Caldera VP bullish on UnitedLinux, part 1
By , Tech Update
June 26, 2002

Tech Update interviewed Benoy Tamang, Caldera VP of strategic development to get the details on Caldera's strategy regarding the UnitedLinux effort. This is part one of a two-part interview.

Tech Update: What was the motivation for forming UnitedLinux?

Tamang: Each company has a different motive; I'll tell you the three motives for Caldera. Number one: Customers who are channel-based system integrators who implement Linux out in the field, they wanted to make sure that our Linux products had more applications, a variety of applications that they could implement in conjunction with the OS. So there was a need to have more applications available at any given point in time. Like a menu, so they could choose and deploy. Our customers, of course, at the end-user level similarly have been talking about that for awhile. So, number one, a lot of requests for, "Can we have this application or this application," you name it. Much more required.

Benoy Tamang
VP, strategic development
Caldera

Number two: Industry partners, such as the hardware manufacturers and the application ISV vendors themselves, were similarly echoing back, "Well, in order to get more applications and things, there seems to be certainly a lot of money spent on these certification procedures that we have for your products SuSE, Conectiva and so forth." And so we also knew that there was an inordinate amount of duplication being performed, and that was being echoed back by our industry partners.

Number three: At the same time, when it came to discussions and being on initiatives and boards for LSB or for Linux community vendors and Linux internationalization standards group, the same parties would be there at the same time. So inevitably the technical people started talking to each other, and just said, "Why are we duplicating all of these efforts and creating our own versions?" And therefore we found, for number three, a possible area where the Linux companies themselves didn't have to duplicate the basic elements. Remove number 2, and the extra work that the ISVs and IHVs were dealing with. And number three--back to customers and channel partners themselves--be able to provide a standard version that had a lot more choices of applications and anything that is associated with having a simplified version based on open standards. Those were the three motives.

Tech Update: The basic UnitedLinux product, then, is the operating system plus some core applications, and each of the participants can enhance that in any way without altering with code.

Tamang: Absolutely correct. They can even mess around with the code if they want, but they're just going to negate some of the testing that we'll have gone through and the stamps that we will have provided through our third-party ISVs and IHVs--which nobody would want to break--but we have the full capability to do so if we wanted to.

Tech Update: And any deals or agreements that any one of the participants had with other hardware or software vendors prior to this deal are still intact?

Tamang: Correct. We still have responsibility and relationship managers, for example, working with any one of the partners that we previously had, and we still continue to go back to them.

Tech Update: Are there any other ways that the four companies now will try to leverage their greater strength as an alliance?

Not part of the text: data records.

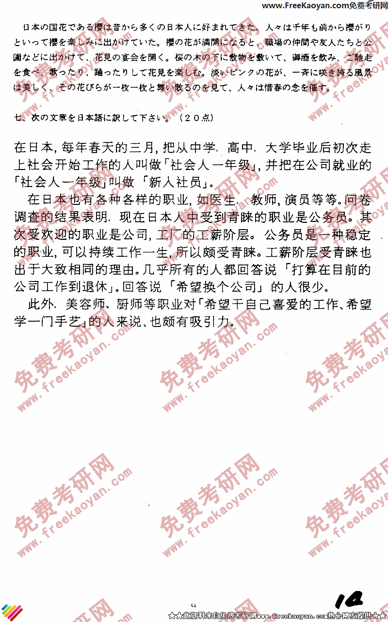 专业课考研经验 本站小编 FreeKaoyan 2018-01-22华中科技大学2006年考研真题-综合日语
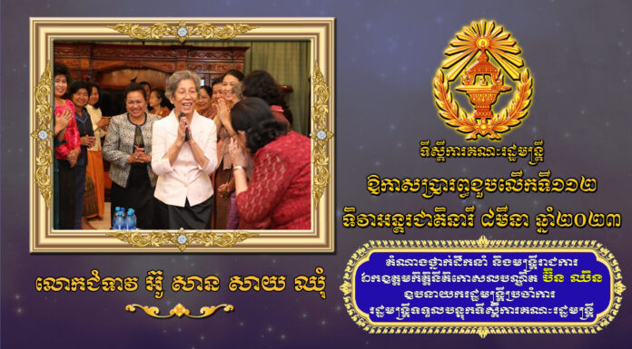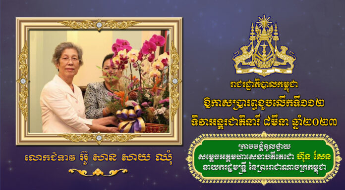 សារលិខិតជូនពររបស់ សម្តេចអគ្គមហាសេនាបតីតេជោ ហ៊ុន សែន នាយករដ្ឋមន្រ្តី នៃព្រះរាជាណាចក្រកម្ពុជា ជូនលោកជំទាវ អ៊ូ សាន សាយ ឈុំ ក្នុងឱកាសប្រារព្ធខួបលើកទី១១២ ទិវាអន្តរជាតិនារី ៨មីនា ឆ្នាំ២០២៣
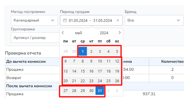Например: Вы строите отчет с 1 по 31 мая. Система возьмет данные только за указанный период из отчетов.
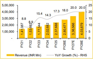 Revenue expected to expand 19.3% CAGR over FY25-28E
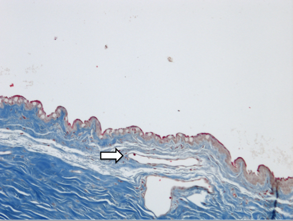 Histologic analysis of bleb tissue revealed less collagen deposition with Masson Trichrome stain compared to the BSS control as well as a thin capsule (white arrow) at the location of the Ozurdex

Tamang: We are also going to be working very diligently on the certification process, the test suites. Those things they're working on right now as we speak, which should reduce some of those issues so that when the product ships to the first customer, it's already gone through a sufficient battery of tests and sufficient external review, audits, whatever is required before it's released.

The other element that we'll all really get to win together on is that the UnitedLinux brand is what will perpetuate and link the four companies together such that there will be confidence amongst all business users that if they were to buy a certain product from any one of the four current companies, if it has a label saying "Powered by UnitedLinux," they know that whatever is done to that technology to make it better for whatever a geo needs, will come back to the LLC--the UnitedLinux group--and be made available to everybody else. So that's another reason why we're able to geographically take advantage of our relationships. Turbo in Japan, for example, will be much more likely to get the newest driver issues that Fujitsu may be producing or testing. And after Turbo tests and certifies, it comes back into UnitedLinux so that the UnitedLinux members then have the capability to be able to have that particular driver also.

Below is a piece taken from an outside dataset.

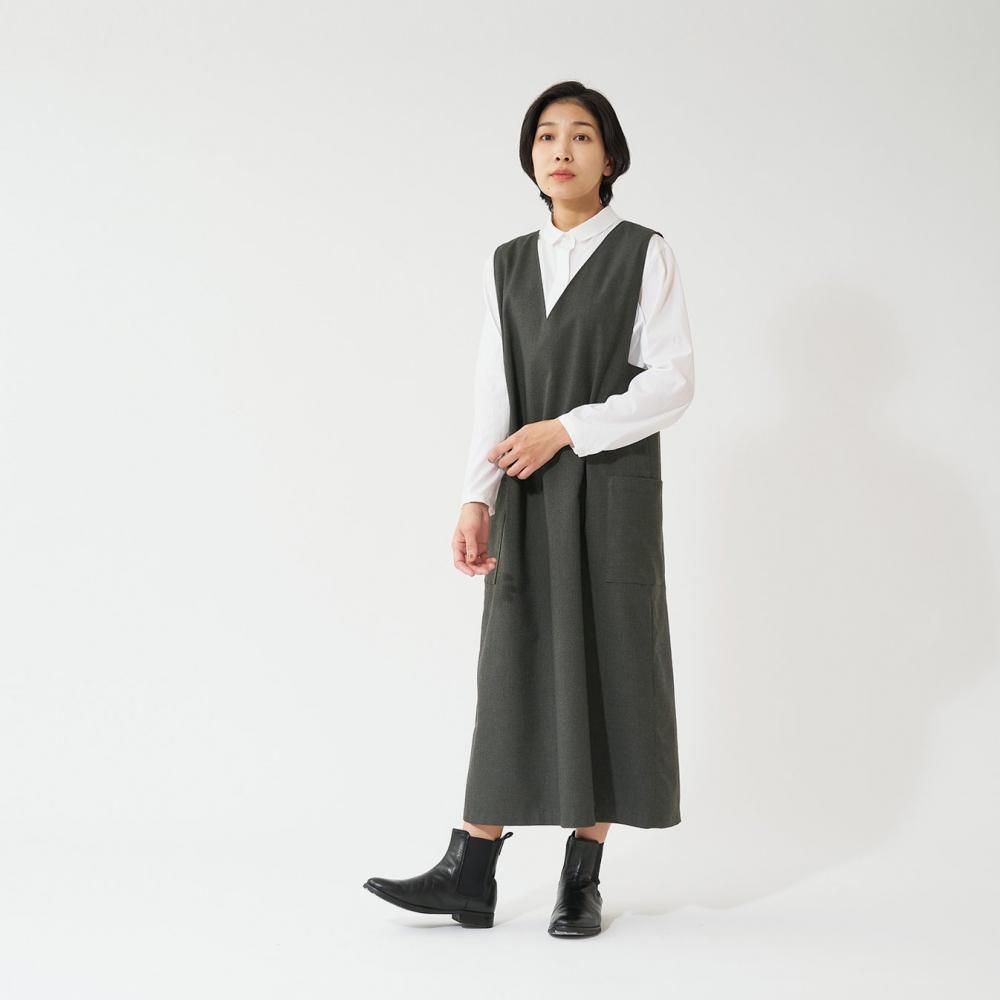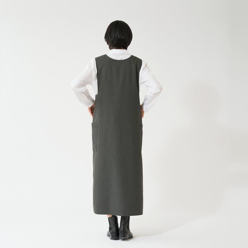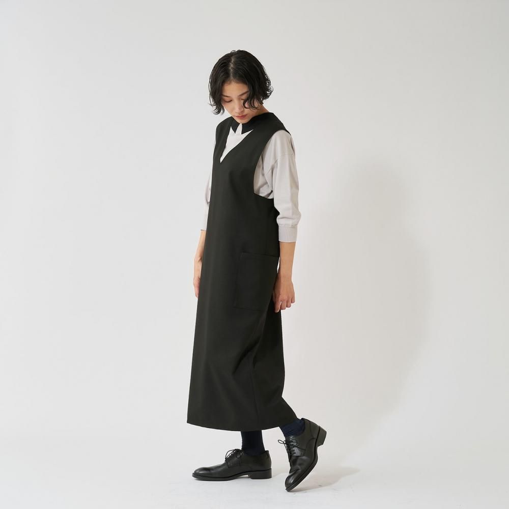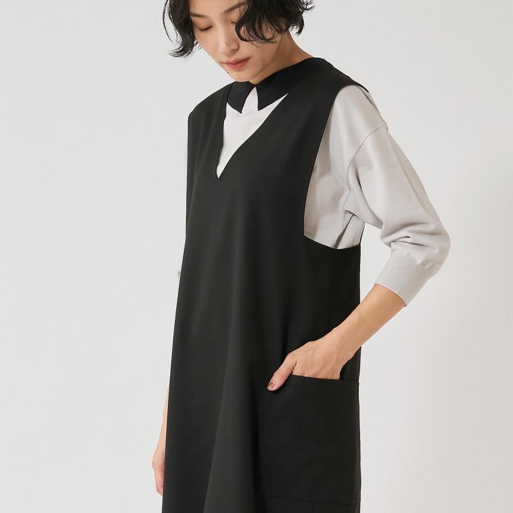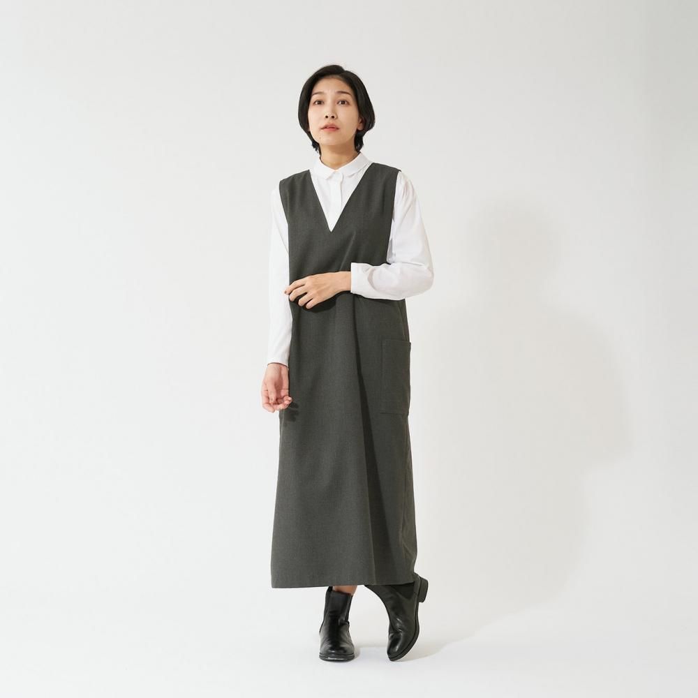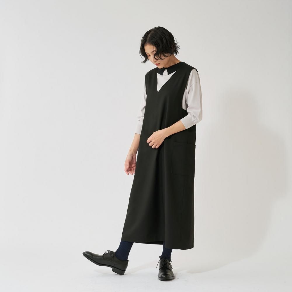 前はVネック、うしろはすっきりとしたクルーネックのジャンパースカート。

Tech Update: Do you foresee UnitedLinux essentially becoming a brand with a combined sales or support force under certain circumstances?

Tamang: Of course we went through all of those scenarios. But we have emphatically and definitively made a commitment to keep any of the selling to be non-UnitedLinux. There's no neutral body or company of employees at UnitedLinux. The legs and arms of UnitedLinux are the four companies that currently exist--that includes the selling and supporting. There of course is going to be a natural escalation path for support issues that comes up through each one of the technical groups. Remember that all of us have engineers as well as code contribution into this offering, and if questions and such can't be answered we'll talk to each other and get the answers. But the physical commercial transaction--even the support agreements--will be conducted by the legs and arms, the four companies, with the channel or end user directly. But no brown-suited sales people from UnitedLinux.